[Opening MATERIALS PROVIDED section]

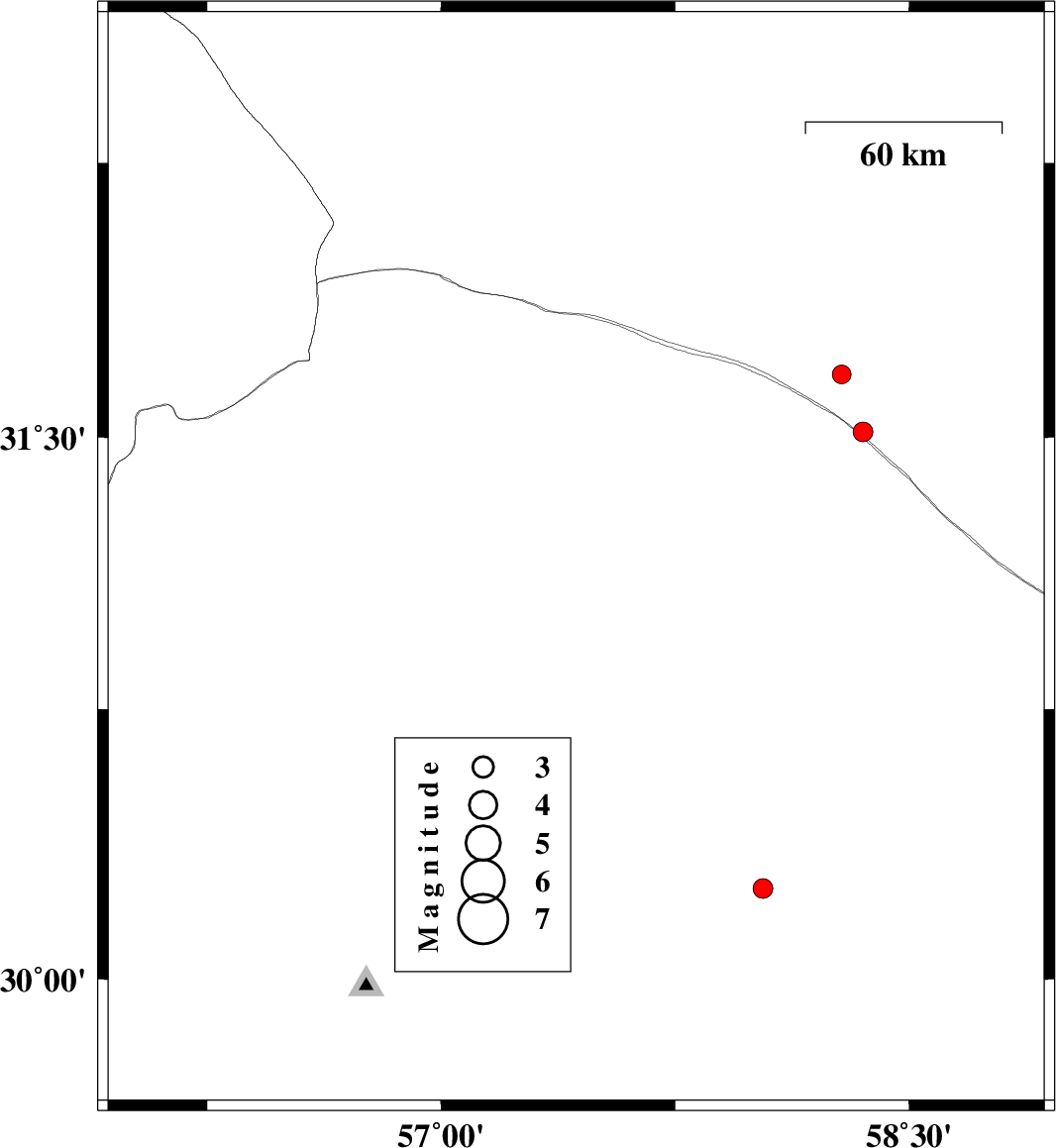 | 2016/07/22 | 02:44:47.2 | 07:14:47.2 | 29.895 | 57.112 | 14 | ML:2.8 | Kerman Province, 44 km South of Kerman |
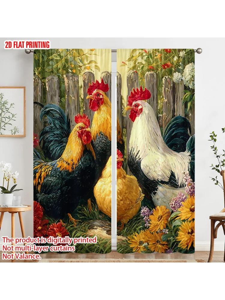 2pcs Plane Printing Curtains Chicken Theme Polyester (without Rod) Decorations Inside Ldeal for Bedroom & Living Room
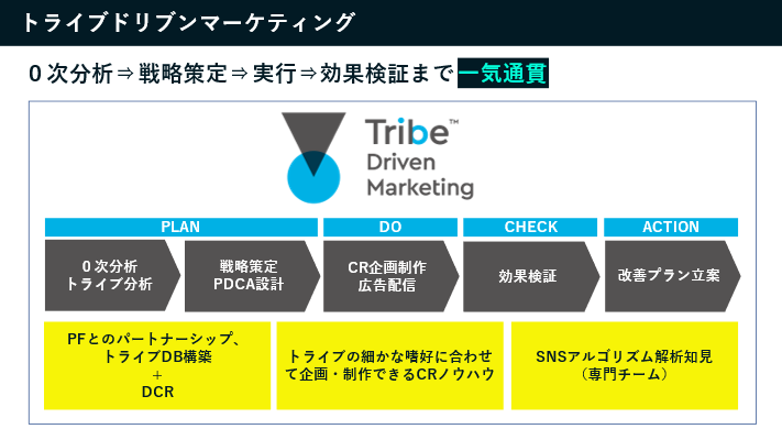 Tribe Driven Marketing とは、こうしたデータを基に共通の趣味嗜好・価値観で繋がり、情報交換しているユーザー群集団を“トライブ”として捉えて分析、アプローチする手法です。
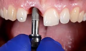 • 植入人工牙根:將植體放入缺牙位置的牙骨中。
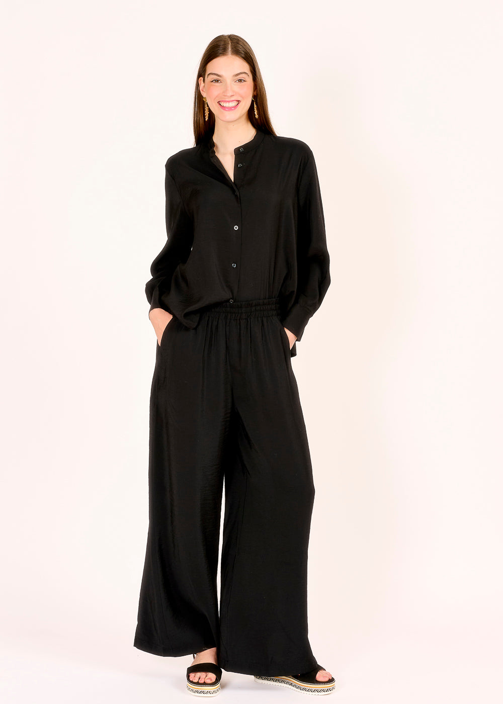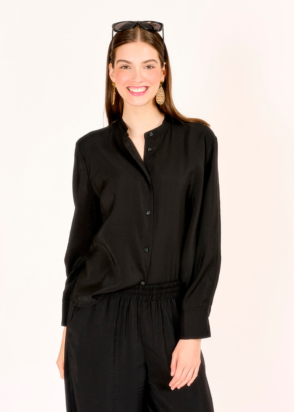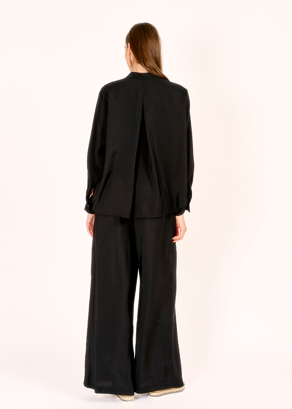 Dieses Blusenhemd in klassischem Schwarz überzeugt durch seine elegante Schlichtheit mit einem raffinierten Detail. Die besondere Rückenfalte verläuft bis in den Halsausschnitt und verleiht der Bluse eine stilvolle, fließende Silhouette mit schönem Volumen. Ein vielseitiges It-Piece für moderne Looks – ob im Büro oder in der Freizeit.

[Closing MATERIALS PROVIDED section]

_WORK TASK_: Please retype the data exactly, but do not carry over any picture.

_ANSWER AREA_:
 | 2016/07/22 | 02:44:47.2 | 07:14:47.2 | 29.895 | 57.112 | 14 | ML:2.8 | Kerman Province, 44 km South of Kerman |
 2pcs Plane Printing Curtains Chicken Theme Polyester (without Rod) Decorations Inside Ldeal for Bedroom & Living Room
 Tribe Driven Marketing とは、こうしたデータを基に共通の趣味嗜好・価値観で繋がり、情報交換しているユーザー群集団を“トライブ”として捉えて分析、アプローチする手法です。
 • 植入人工牙根:將植體放入缺牙位置的牙骨中。
 Dieses Blusenhemd in klassischem Schwarz überzeugt durch seine elegante Schlichtheit mit einem raffinierten Detail. Die besondere Rückenfalte verläuft bis in den Halsausschnitt und verleiht der Bluse eine stilvolle, fließende Silhouette mit schönem Volumen. Ein vielseitiges It-Piece für moderne Looks – ob im Büro oder in der Freizeit.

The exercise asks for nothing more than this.